The decision of whether a jury is required is one that the coroner will ultimately make. The threshold is low, as the decision about whether a jury should be used is normally made early on in proceedings. Therefore, if there is some reason to suggest that one of the above applies, then a jury will likely be used. It is an important issue for the coroner to consider and one which will often be subject to argument from the parties to inquest, especially the family. Where the coroner is found to be wrong in deciding not to summon a jury, the High Court may order fresh inquest.

There are also circumstances where a coroner may call a jury. They have a broad discretion to summon a jury under Coroners and Justice Act 2009, section 7(3), where the circumstances above to does not apply, but where the coroner thinks there is ‘a sufficient reason for doing so’. A relevant consideration will be the wishes of the family of the deceased. Other considerations may be whether there is a public interest in having a coroner or senior judge hear the inquest, who can give more detailed reasoning than a jury could provide or where there is a large volume of documentary evidence.

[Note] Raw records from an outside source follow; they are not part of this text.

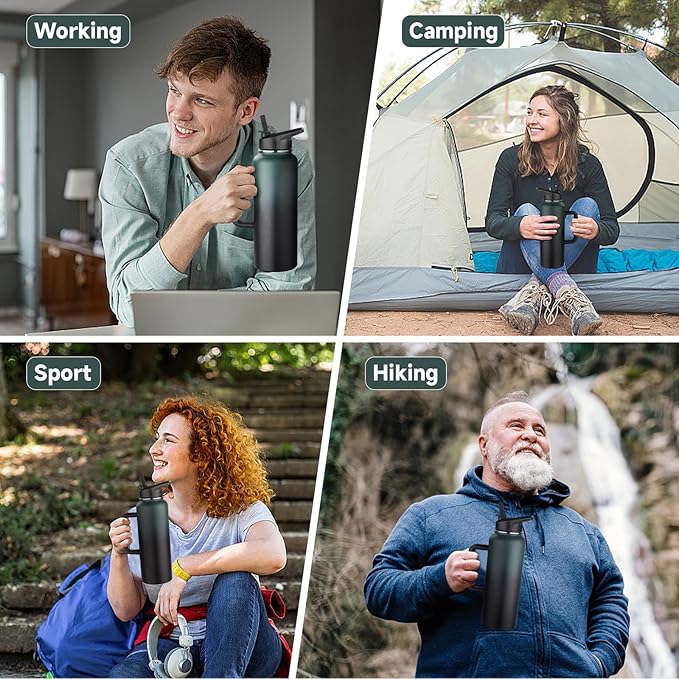 - 💦【Hot/Cold Insulated Water Bottle】This 40 oz water bottle stainless steel features advanced vacuum insulation technology, keeping hot drinks hot for 8 hours and cold drinks cold for 12 hours. Enjoy a chilled beverage after intense exercise or a hot coffee during winter camping. The wide mouth design allows for easy cleaning and ice cube filling.
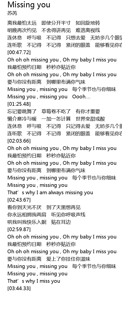 | [02:04.33] | Oh oh oh missing you , Oh my baby I miss you |
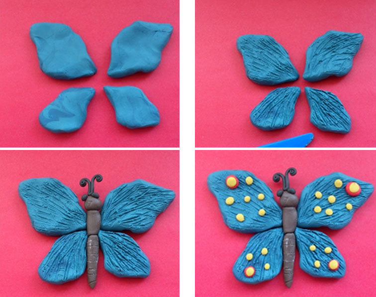 - Направете 4 крила, две големи и две по-малки, от пластилина, избран от детето ви.
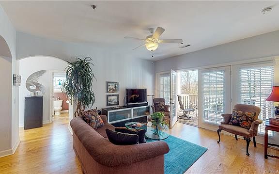 Lifelong Learning with a community of kindred spirits was never so convenient! Live in a luxurious condominium RIGHT NEXT DOOR to the vibrant OLLI (Osher Lifelong Learning Institute) at the UNCA Reuter Center. Bathed in natural light, this condo sits at the end of a quiet street close to all the amenities of city life without city taxes! Enjoy peaceful walks to the botanical gardens, just minutes away. FEEL RIGHT AT HOME in this meticulously maintained 3-bedroom, 2-bathroom home with 9 ft ceilings throughout. Resurfaced kitchen cabinets, new granite countertops, tile backsplash, and stylish pendant lights over the kitchen bar give a fresh, modern look. This spacious corner unit opens out onto two covered balconies overlooking the UNCA campus. The master closet has custom shelving, drawers and hanging rods for convenient organization. Custom cabinets between the vanity sinks in the master bathroom provide even more storage. A newer HVAC was installed 1/18.
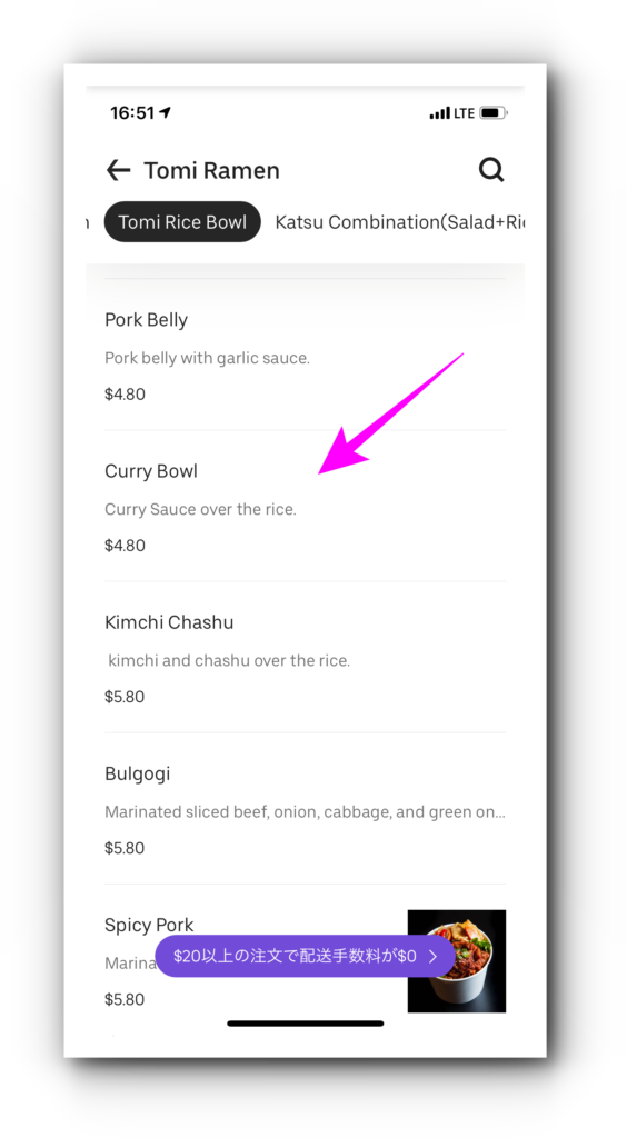さらにCurry Bowl 4.80ドル(カレーライス)のミニサイズを選択しました。
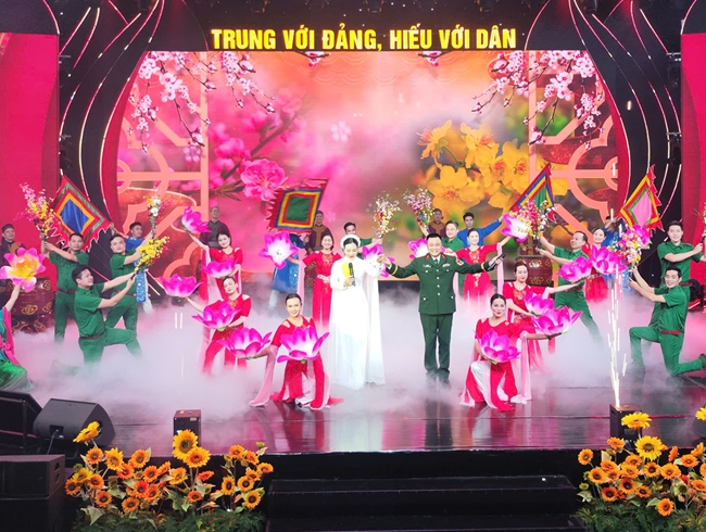 | Chương trình nghệ thuật “Trung với Đảng, hiếu với dân” và phát động Cuộc thi báo chí “Vững bước dưới cờ Đảng”, tháng 2-2025. Ảnh: PHÚ SƠN |
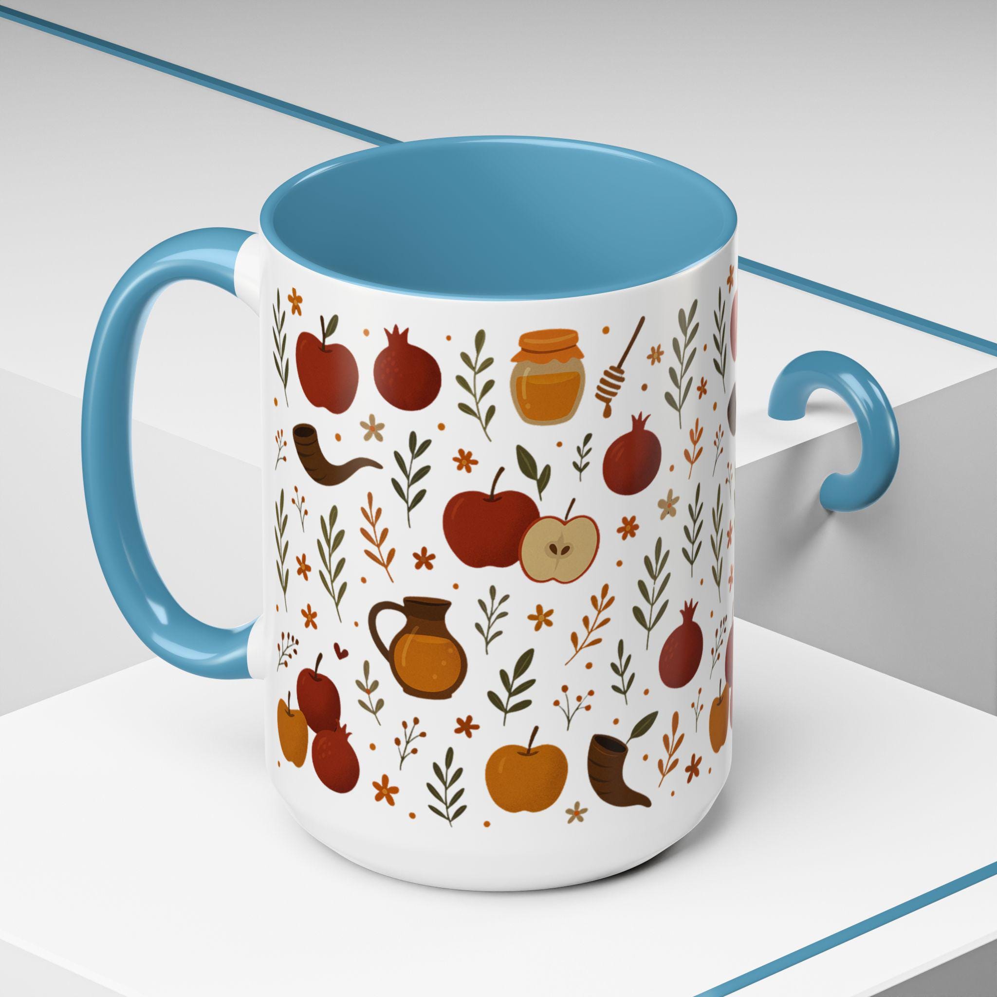 Featuring crisp, colorful artwork designed to celebrate the Jewish New Year, this ceramic mug adds meaning to your daily ritual. Whether you are gathering around the holiday table, hosting a festive meal, or enjoying a quiet reflective moment, it brings joy and intention to every sip.
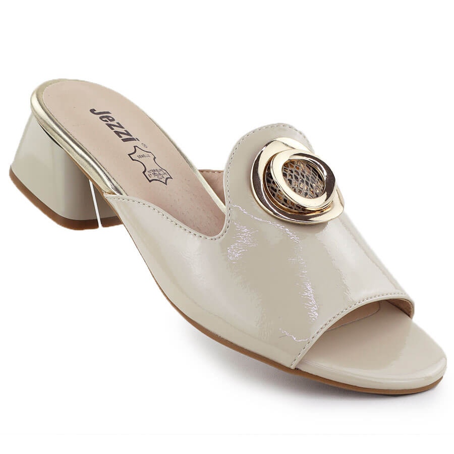 A papucsot egy elegáns, bézs árnyalat jellemzi, amely tökéletesen illeszkedik a jelenlegi trendekhez. Az ökológiai bőrből készült belső bélés és a természetes betétes garantáló kényelem, és a Slip -up vágás lehetővé teszi, hogy gyorsan felhelyezze és letöltse. A sarok magassága 4,5 cm, ami lehetővé teszi az ábra finom emelését anélkül, hogy feladná a kényelmet.
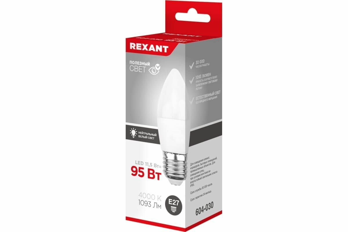 Rexant 604-030 Лампа светодиодная Свеча CN 11,5 Вт E27 1093 лм 4000 K нейтральный свет
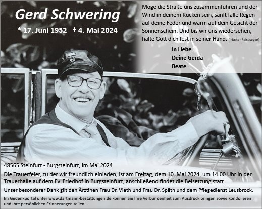 Wir trauern mit euch um Gerd, den wir auch nur von Beates Schilderungen kannten. Ihr habt ihm ein würdevolles Sterben in seinem Zuhause ermöglicht. Dafür zollen wir euch Hochachtung, denn das war sicher eine schwere Zeit für euch.
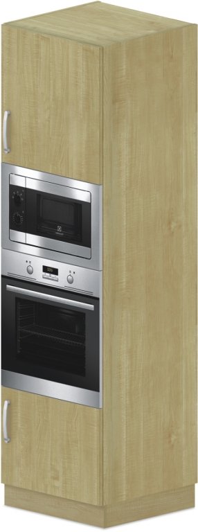 Pravá. Na vstavanú rúru a mikrovlnnú rúru. Maximálne rozmery mikrovlnnej rúry: š. 594 mm x hl. 570 mm x v. 450 mm. Maximálne rozmery rúry: š. 594 mm x hl. 570 mm x v. 594 mm. Skrine s pevným obojstranne pohľadovým chrbtom, soklom o výške 100 mm as dverami vyrobenými z laminotrieskovej dosky s hrúbkou 18 mm, olepené hranou ABS, pri dverách o hrúbke 2 mm, ostatné hrany ABS 0,5 mm. Úchytky kovové. Skrine vybavené nastaviteľnými klzákmi pre možnosť vyrovnania podlahovej nerovnosti. Expedované v zmontovanom stave.

When is a jury not required?

Sometimes the coroner will suspend an inquest while criminal proceedings take place. This will often happen where someone is being prosecuted for unlawful killing, such as murder or manslaughter. In these circumstances, when an inquest is resumed, a jury is not required, even when the death occurred in state custody or another circumstance where one would normally be called.

This can be confusing or upsetting for families, who want to have the full scrutiny that a jury can provide. In criminal proceedings, there may have already been a trial and jury verdict, but this may not be the case if the defendant plead guilty to criminal charges.

A coroner should still consider the issue carefully and take into account relevant considerations, including the family’s wishes. A jury may still be used in these circumstances.

If you are involved in an inquest, what should you do?

If a loved one has died and you have been informed that an inquest will take place, it is important to try and get legal advice as soon as possible. If it is an Article 2 inquest there is legal aid available even if you are not usually financially eligible for legal aid.